According to the method for manufacturing a laminated board of the present invention, the method of laminating a plurality of prepregs is performed by using a prepreg having a size several times larger than a predetermined size and bending the prepreg to a predetermined size to form a substantially flat surface. Since the overlapping method is adopted, the displacement is suppressed at the bent portion, and according to the method for manufacturing a laminated plate of the present invention, a laminated plate with little occurrence of the displacement can be obtained.

[Brief description of the drawings]

FIG. 1 is a diagram illustrating an embodiment of a method for manufacturing a laminated board according to the present invention.

FIG. 2 is a view for explaining a conventional method for manufacturing a laminated board;
(A) shows a state where there is no shift, and (b) shows a state where a shift has occurred.

[Explanation of symbols]

 Reference Signs List 1 prepreg 2 metal foil 3 laminate 4 hot plate 5 mold A misalignment

──────────────────────────────────────────────────続 き Continued on the front page (51) Int.Cl. ⁶ Identification code Agency reference number FI Technical display location C08J 5/24 CEZ B29C 67/14 G // B29K 101: 10 105: 06 B29L 9:00

Claims (2)

[Claims] 1. A laminate is formed by laminating a plurality of prepregs each composed of a thermosetting resin composition and a base material, forming a laminate by laminating the laminates, and sandwiching the laminate between hot plates.
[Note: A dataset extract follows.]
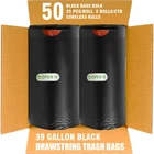 HDPE 1, Product information: BEIDOU-PAC 39 gallon black drawstring plastic can liners, Size: 33.5"*40"x 25.4 mic, Total 50 bags bulk (25 PCS/ROLL , 2 CORELESS ROLLS/CTN), Perfect for 39 Gal Capacity Office, Bedroom and Kitchen Wastebasket trash bins. 2, High-density polyethylene film, sturdy and durable,Unscented, Hygienic and Safe. 3, Convenient drawstring handle with extra thick plastic and double-stitched construction prevents tearing. Sturdy drawstring handle makes the liner easy to lift, tie and carry., flat bottom seal for increased carrying capacity and leak-proof bin liner that won't break or tear easily. 4, Open simply and easily, Coreless rolls in dispenser box for easy use and neat storage, easy to pull apart and easy to open.It can also be used as a gift wrapping. 5, Smart Ideas for Your Home:This black drawstring garbage bag is great for use in various settings such as home, kitchen, bathroom, living room, garden, office waste bins, outdoor bins, and more. Black opaque non-transparent bags Bulk Value Bags, Protection of garbage privacy ,with our bulk options, you'll have plenty of bags for months to come! Product Description BEIDOU-PAC 39 Gallon Balck-Plastic-Drawstring-Trash-Bags for business establishment home Office, Bedroom and Kitchen Wastebasket Cans BEIDOU-PAC 39 GALLON TRASH BAGS Sturdy, leak-proof, odorless trash bags, thick, for bathroom, office and kitchen trash cans. A must-have item for bathrooms, offices, bedrooms, laundry rooms and more. Packed in full boxes for easy storage and no mess Premium Quality and Durable Made from high quality, high density polyethylene raw materials. Reduces energy waste. Strong puncture resistance for maximum daily use. Reduces unnecessary breakage High-Density Can Liners are successfully tested to ensure the highest quality for your daily needs Black ,odorless, convinent drawstring Value Pack Trash Bin Liners Wholesale Quantity Still struggling with a temporary shortage of garbage bags? Still struggling to dispose of trash at your home or business? We provide you with large, high quality bulk boxes of trash bags to solve your temporary confusion and save you a lot of time so you can pay better attention to your family and friends, business activities or traveling. You need a drawstring trash bag that will not run out easily. 50 Counts black trash bags Drawstring 100 Counts black trash bags Drawstring (value pack) Thick (25.4 microns) Well-Sized (85.1cm*101.6cm ) , Able to withstand erosion from waste and remain clean Durable, Convenient and Sustainable - Meet Daily Household or Business Needs Whether it's garbage bags, storage bags for household items and supplies, or the daily needs of a commercial office, whether you're using them at home or traveling outdoors, our quality garbage bags have you covered.

In a method of manufacturing a laminated board manufactured by heating and pressing, a method of stacking a plurality of prepregs is performed by using a prepreg having a size several times larger than a predetermined size, bending the prepreg to a predetermined size, and forming a substantially flat surface A method of manufacturing a laminated board, which is a method of overlapping. 2. The method according to claim 1, wherein the amount of the prepreg resin is 40 to 70 parts by weight based on 100 parts by weight of the prepreg.